The Austrian designer partnered with Julia Kaisinger and Utrecht University to develop a system that cultivates edible plastic-digesting fungi. That’s right, you can eat mushrooms that eat plastic. In 2012, researchers at Yale University discovered a variety of mushroom (Pestalotiopsis microspora) that is capable of breaking down polyurethane. It kicked off a craze of research exploring how various forms of fungi can degrade plastic without retaining the toxicity of the material. The findings got Unger thinking: What if we could turn an environmental problem (waste) into an environmental solution (food)?
We last wrote about Unger when she was turning fly larvae into edible treats.

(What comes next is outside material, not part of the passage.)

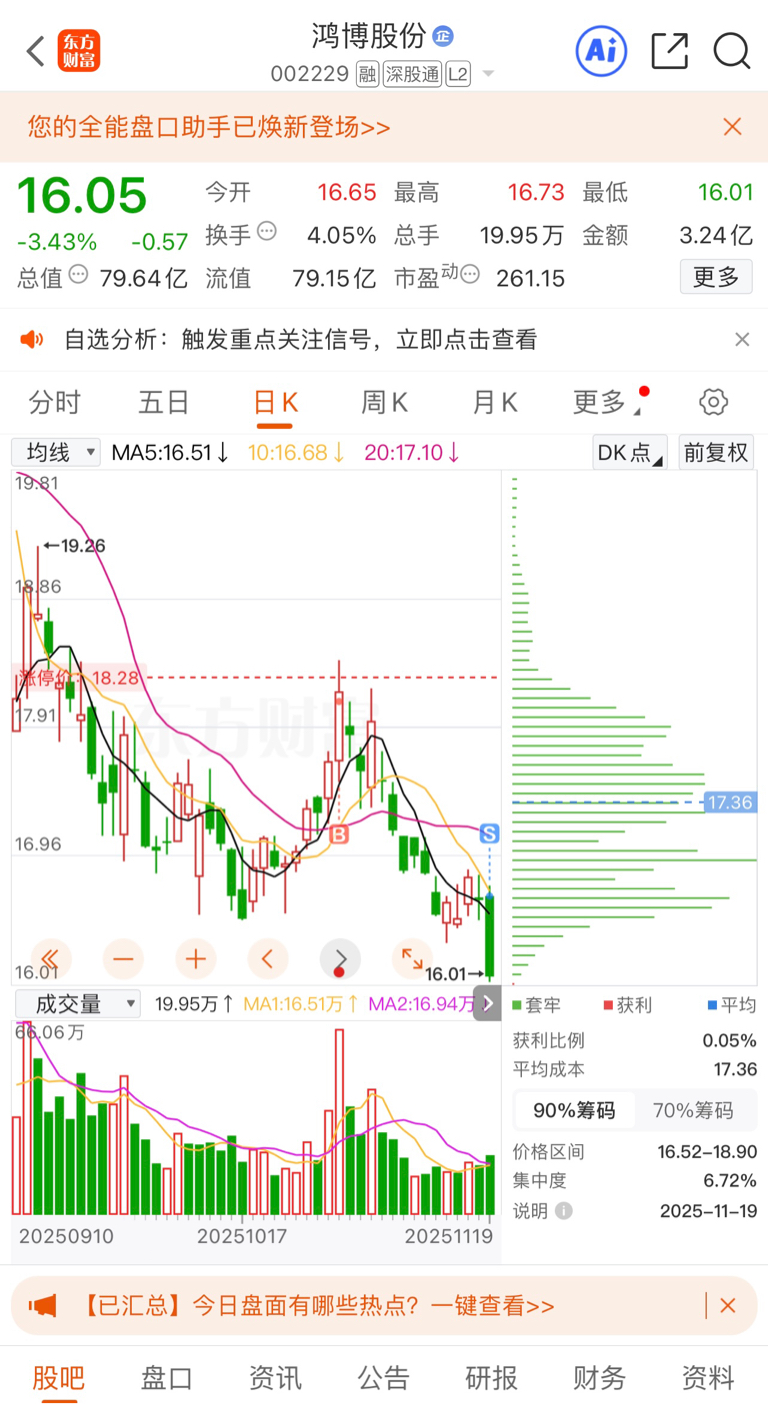 $鸿博股份(SZ002229)$ 18.1买,16.5卖,亏到逼不得已割肉。

With the Fungi Mutarium, Unger is shooting for a similar goal: recasting what might be considered an unseemly material as a new form of sustainable food production. You can think of the Fungi Mutarium as the tool to make that happen.
 Unger’s set-up for growing fungi. Katharina Unger
The tabletop set-up is a mini-factory for cultivating the mycelium (roots) of two fungi strains—Schizophyllum commune and Pleurotus ostreatus, both commonly consumed mushrooms that just so happen to have a voracious appetite for plastic. To convert the plastic into edible product, it’s first placed in an activation chamber where UV light sterilizes the material and begins the degradation process. The plastic is then placed in the growth sphere where it sits in an egg-shaped pod made from agar (a gelatinous material used to culture samples). These pods are called FUs. The diluted mycelium is added to the FUs and slowly begins to consume the plastic, growing into a fluffy, mushroom-like substance. At this point it takes a couple of months for the mycelium culture to consume biodegradable plastic, but researchers are working on accelerating the process for both biodegradable and nonbiodegradable varieties by optimizing growth conditions.
It’s a bizarre process, but the end product looks surprisingly like something you might want to consume. You could almost think of the puffy mushroom material as a bread bowl for the the agar (the jelly substance can take on whatever flavor you choose). Unger and Kaisinger came up with conceptual recipes—think a mango-carrot FU or a chocolate FU filled with yogurt—and a set of utensils to eat them with.
It’s important to note that while based in real science, Unger’s Fungi Mutarium is still somewhat speculative. Though Unger herself has eaten the fungi (“It’s quite neutral tasting,” she says), there’s still much research that needs to be done to ensure it’s totally safe for consumption. Regardless, it’s a provocative vision for this scientific research, which might otherwise stay siloed in the laboratory, out of reach of people who can give it real-world purpose. As Unger rightly puts it: “It was nice coming in as a designer and saying, this is really amazing research, but what can we actually do with it?”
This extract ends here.